From the perspective of a data producer: We sorted out and optimized the scattered business processes, and integrated them into the middle office in batches according to priorities. In the process, we not only refactored the business process, but also identified and solved a number of previously undiscovered issues by rewriting and optimizing them. The efficiency of data distribution has achieved a qualitative leap, with the average distribution time reduced to 23 seconds, and for small-scale data, we have achieved end-to-end fast transmission within 5 seconds, which greatly improves the real-time and freshness of data. The overall server cost has been reduced by more than 95%; The maintenance cost of the system is reduced by 66%.

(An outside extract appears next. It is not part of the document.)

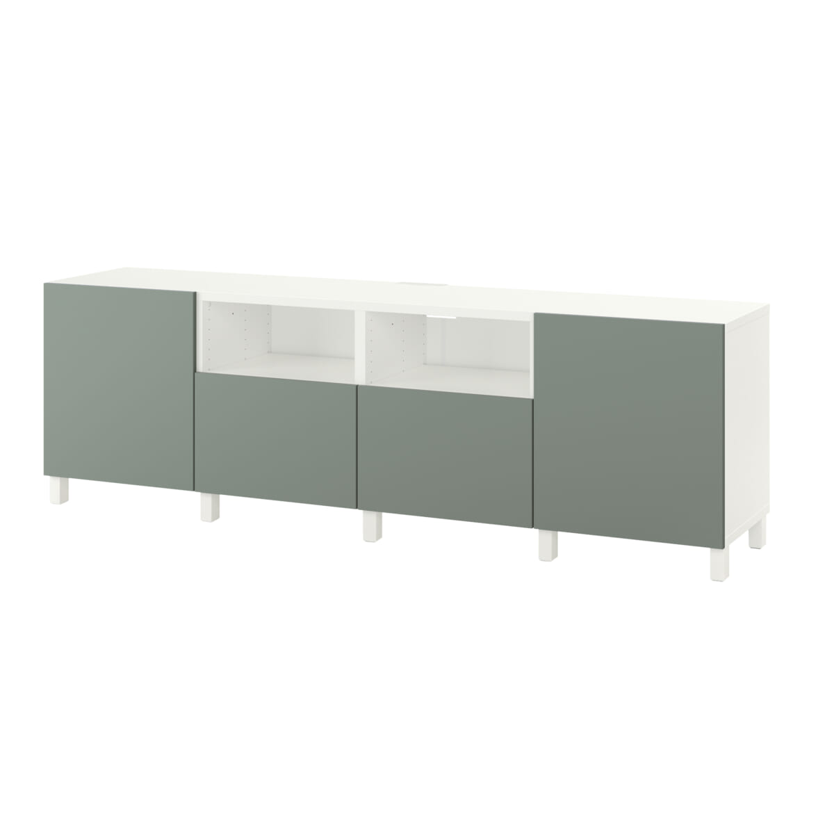 BESTÅ ベストー テレビ台 扉&引き出し付き, ホワイト/ノートヴィーケン/ストゥッバルプ グレーグリーン, 240×42×74cm

From the perspective of data consumers, the access efficiency of new data sources has been improved by 90%, and no special transformation is required in the cloud migration process, which accelerates the R&D progress and improves the development efficiency. It solves the problem of data synchronization in different operating environments and reduces the dependence on the production environment. The scheduling strategy is optimized, and more than 98% of invalid scheduling tasks are reduced, and the frequency of GC is reduced.
6. Future plans
In the future, we plan to carry out in-depth iteration and optimization of the data middle platform from the following key aspects:
1) Automation: further improve the automation of the data processing process, reduce manual intervention, improve the overall efficiency, especially the use of large language models and other technologies for data verification and enhance data accuracy.
2) Stability: Strengthen the stability of the system to ensure the reliability of the data middle platform in high concurrency and large data processing scenarios.
3) Robustness: Build a more robust system architecture to improve the system's fault tolerance and self-recovery ability to abnormal situations.
4) Timeliness: Optimize the data update and distribution mechanism to ensure the real-time and timeliness of data.
5) Visualization: Through visualization technology, the data flow and processing process can be visually displayed, and the readability and ease of use of data can be improved.
- More user-friendly Portal interface: Design and implement a more user-friendly Portal interface to improve user experience and simplify user operations.
- Visualization of the processing process: Visualize the data processing process, so that users can clearly track each link of data processing.